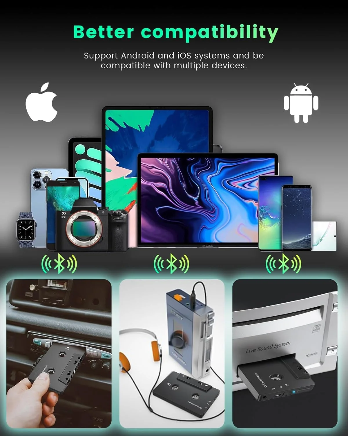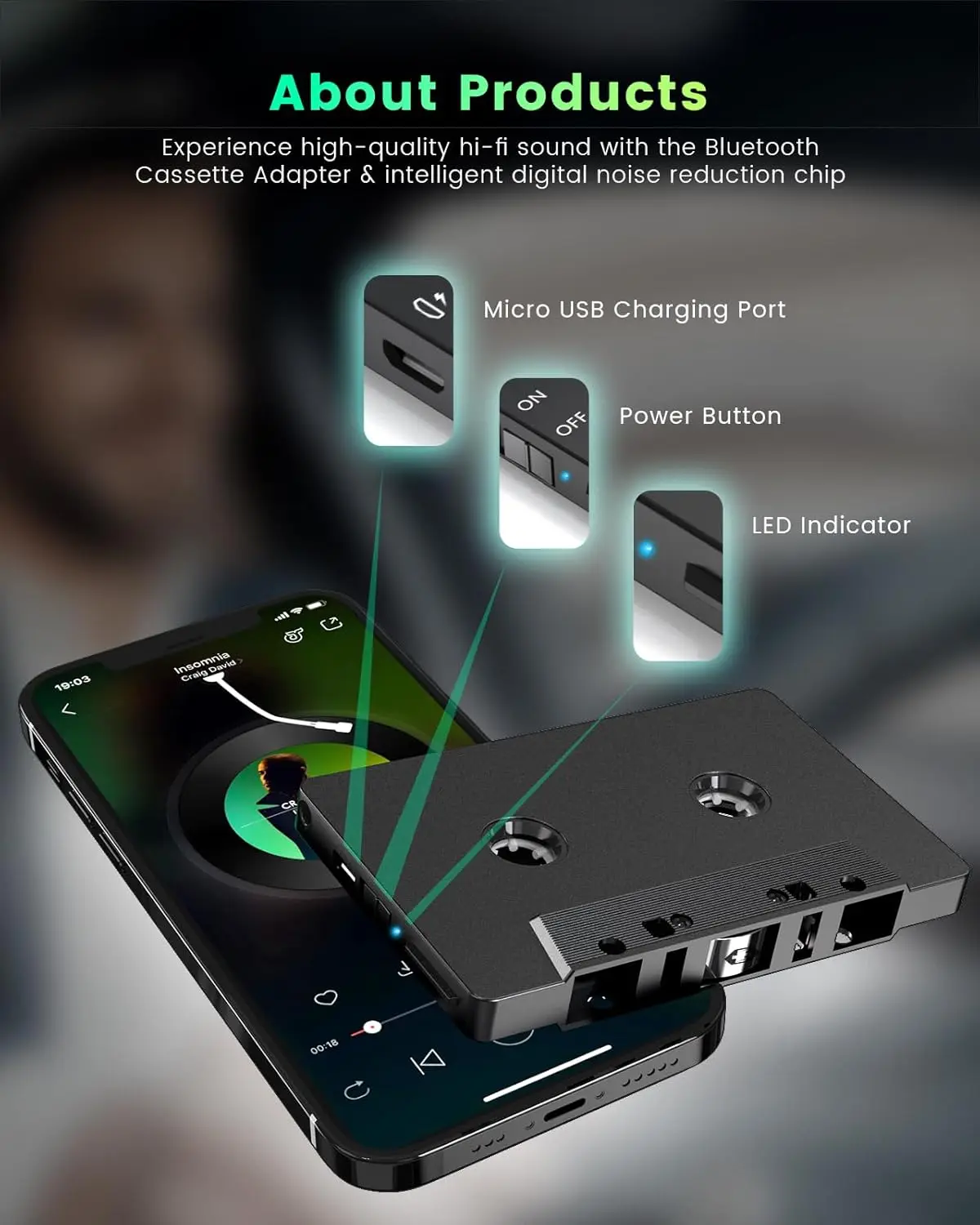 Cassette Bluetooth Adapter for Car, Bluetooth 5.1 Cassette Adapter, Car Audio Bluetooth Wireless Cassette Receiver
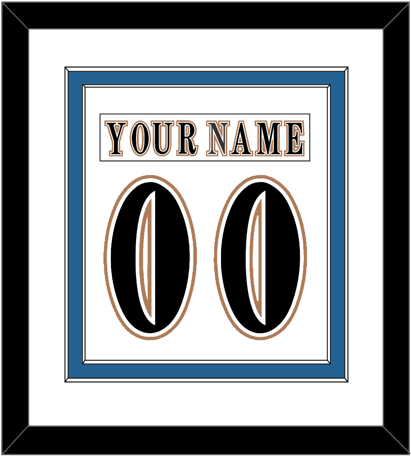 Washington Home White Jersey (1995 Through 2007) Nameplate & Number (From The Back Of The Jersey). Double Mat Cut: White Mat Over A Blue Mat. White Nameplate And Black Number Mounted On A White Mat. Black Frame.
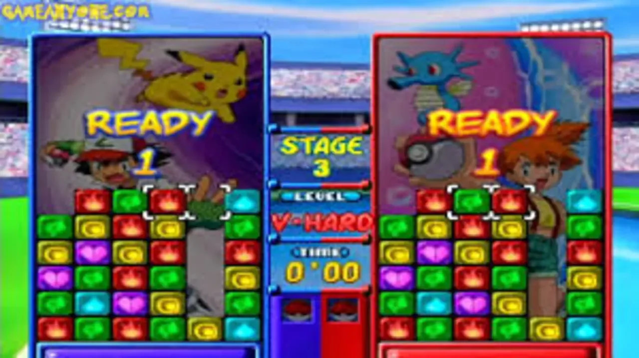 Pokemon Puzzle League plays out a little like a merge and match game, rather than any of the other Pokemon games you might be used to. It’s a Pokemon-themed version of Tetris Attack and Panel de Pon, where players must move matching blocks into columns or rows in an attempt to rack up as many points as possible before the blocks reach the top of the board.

════════════════

→ **What the exercise asks**:
Transcribe exactly, with no pictures, the lines running from the first line of the material through the line holding "Washington Home White".

→ **Problem solution**:
 Cassette Bluetooth Adapter for Car, Bluetooth 5.1 Cassette Adapter, Car Audio Bluetooth Wireless Cassette Receiver
 Washington Home White Jersey (1995 Through 2007) Nameplate & Number (From The Back Of The Jersey). Double Mat Cut: White Mat Over A Blue Mat. White Nameplate And Black Number Mounted On A White Mat. Black Frame.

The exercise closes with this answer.